The bsdinstall script target did not have the infrastructure to fetch
distfiles from a remote server the way the interactive installer does
on e.g. bootonly media. Solve this by factoring out the parts of the
installer that deal with fetching missing distributions into a new
install stage called 'fetchmissingdists', which is called by both the
interactive and scripted installer frontends.
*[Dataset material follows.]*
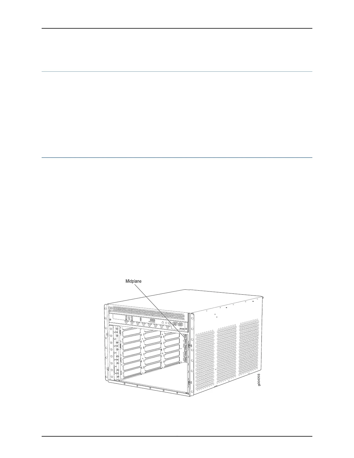 cage (see Figure 11 on page 26). The line cards and SCBs install into the midplane from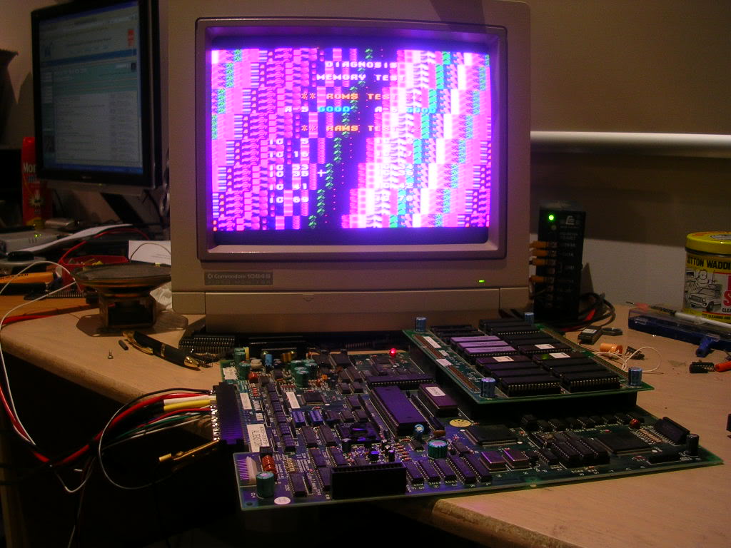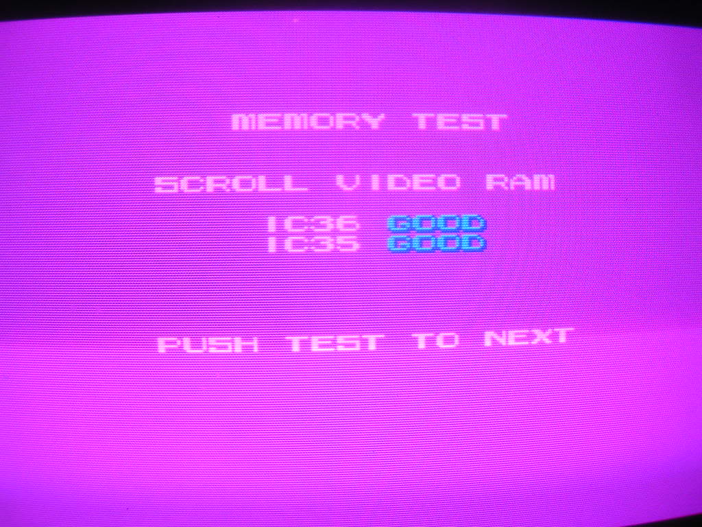 ... but the tests on this board are too quick to be overly in-depth, but I do have a Moonwalker ROM board that has a diagnostics mode that has a far longer set of tests. So I swapped the boards over, and the support MCU that Moonwalker needs and fired up the diagnostics...

In the course of these changes, cleaned up a few other issues with
the fetching of missing distribution files and added a warning if
fetching the MANIFEST file, which is used to verify the integrity of
the distribution files. We should at some point add cryptographic
signatures to MANIFEST so that it can be fetched safely if not present
on the install media (which it is for bootonly media).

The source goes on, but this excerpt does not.